Weird because I don't see myself as any kind of libertarian AT ALL. I guess social freedom is important to me, but a lot of that, for me, has more to do with the kyriarchy than the government.


----------



## JTHearts

ESFJ
Economic Left/Right: -2.00
Social Libertarian/Authoritarian: 7.18
I'm like in between Hitler and Stalin on the map


----------



## chicklit

*ENFJ E6*

Economic Left/Right: -3.38
Social Libertarian/Authoritarian: -6.41


----------



## Flaming Bassoon

ENFP
Your Political CompassEconomic Left/Right: -5.13 
Social Libertarian/Authoritarian: -7.38


----------



## Aelthwyn

INFP 4w5

Economic Left/Right: -6.38 
Social Libertarian/Authoritarian: -2.1


----------



## Cal

INTP

*Your Political Compass*

*Economic Left/Right: -1.13 
Social Libertarian/Authoritarian: -1.64*


----------



## spaceynyc

INFJ

Economic Left/Right: -1.88 
Social Libertarian/Authoritarian: -4.72

I’m very aware of differing perspectives so these kinds of tests are tough because I understand all sides and am not very opinionated on most things except when it comes to something extremely ethical.


----------



## Strelnikov

INTJ

Economic Left/Right: 1.13 
Social Libertarian/Authoritarian: 3.54


----------



## Aluminum Frost

ISTP right leaning libertarian


----------



## SweetApparition

ISFP

Economic Left/Right: -3.25 
Social Libertarian/Authoritarian: -2.62


----------



## BranchMonkey

Gandhi was down there with me; Gandhi is always with me or I am with him on these kinds of tests.
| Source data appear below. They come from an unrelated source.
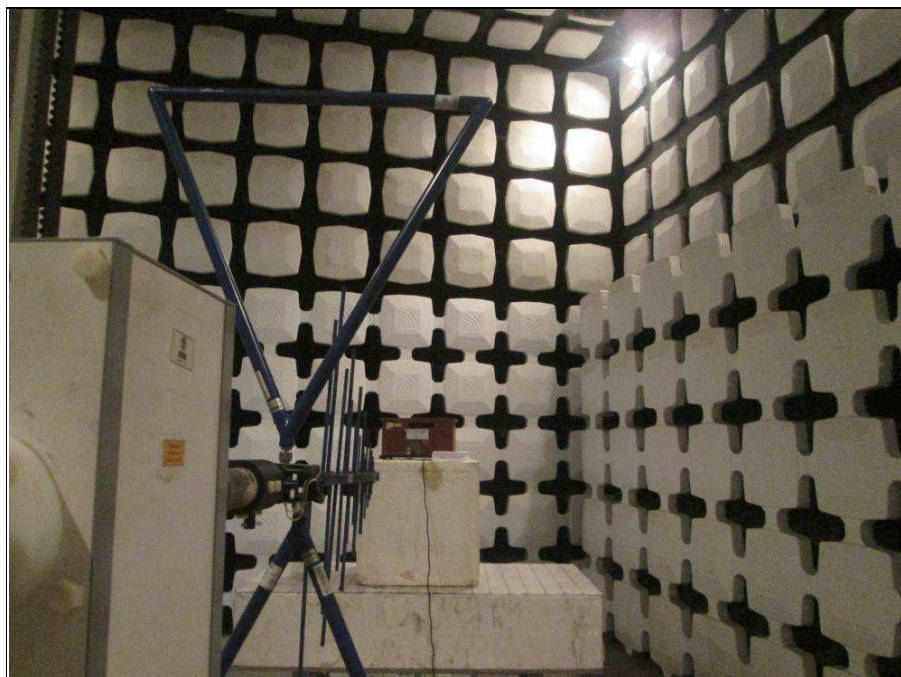
Frequency Range< Above 1GHz >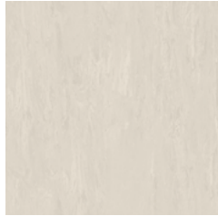
Nimbus Grey 2710 w/r 0630 NCS S 1505-Y60R LRV 70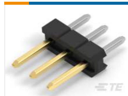
TE Part #2355181-4 4P, 2MM, BRK HDR, SRVT, 2.8, 0.38AU, BOX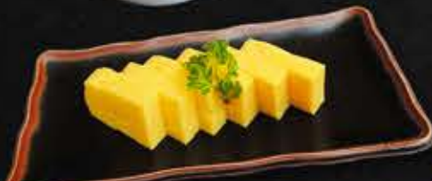
Atsuyaki Tamago Japanese Sweet Omelette 3.9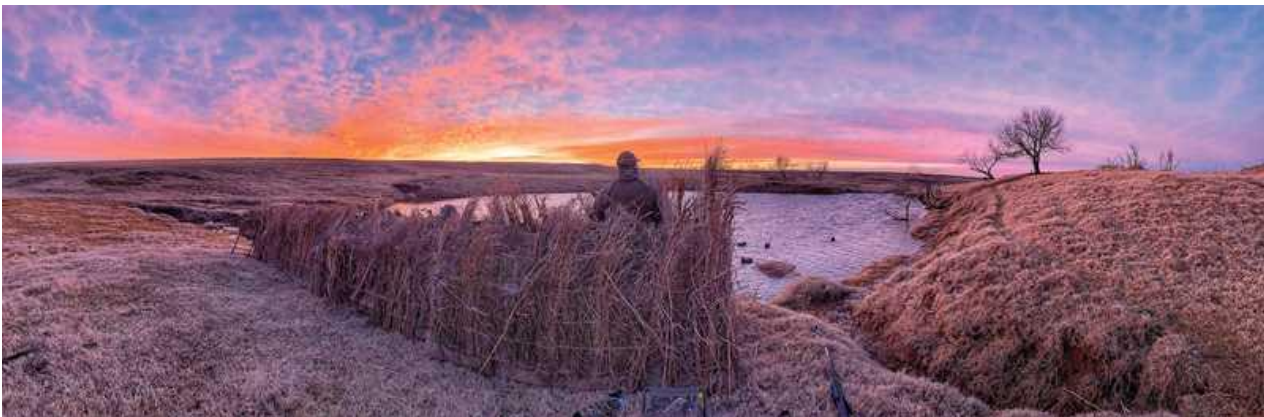
Best Waterfowl Hunting, Justin DeYoung, Groves, TX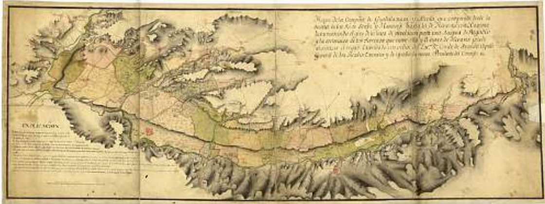
Figure 2. Valle del Henares, del Sorbe al Jarama, año de 1770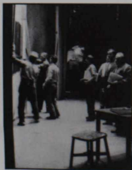
← Alec Guinness as Richard III in the coronation scene of the Stratford Festival's inaugural production of Richard III, 1953, directed by Tanya Moiseiwitsch.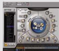
Strike™ The Ultimate Virtual Drummer

Check out these other A.I.R. instruments from Digidesign!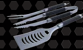
55040 Tool Set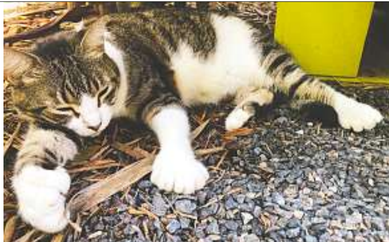
Billie Holiday is one of the six-toed cats at the Ernest Hemingway Home and Museum in Key West, Fla., where the American writer lived in the 1930s with his wife Pauline.

Hoteliers in Mexico are offering free vacations for the next 20 years in a pandemic-inspired contest aiming at reversing a 60 per cent drop in foreign visitors. Industry leaders in the state of Quintana Roo said the winners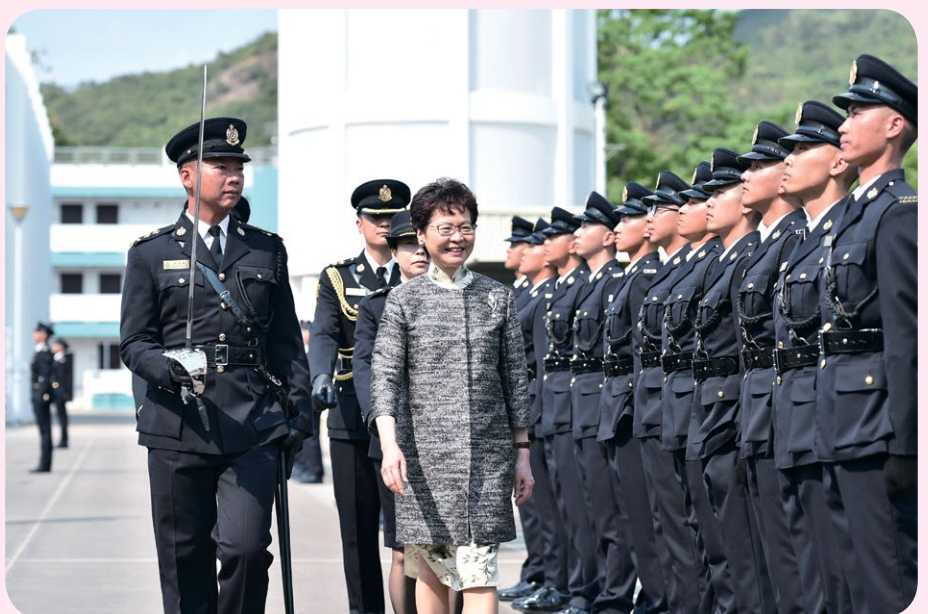
Chief Executive Mrs Carrie Lam inspects the Probationary Customs Officers at the passing-out parade.

If not him, I get Einstein. So srsly, these are silly.


----------



## Blazkovitz

I don't know how to type myself, but it's clear my dominant function is Ti.


----------



## Maybe




----------



## Bastard

ESTP.


----------



## Dalkri

ISTJ 5w6
Economics: -3.13
Social: -2.82

That test is extremely biased. I've seen very few results from it that weren't bottom left.


----------



## Bastard

Dalkri said:


> That test is extremely biased. I've seen very few results from it that weren't bottom left.


Did political compass in a political science (lol) class once. The only sector underrepresented was authoritarian right.


----------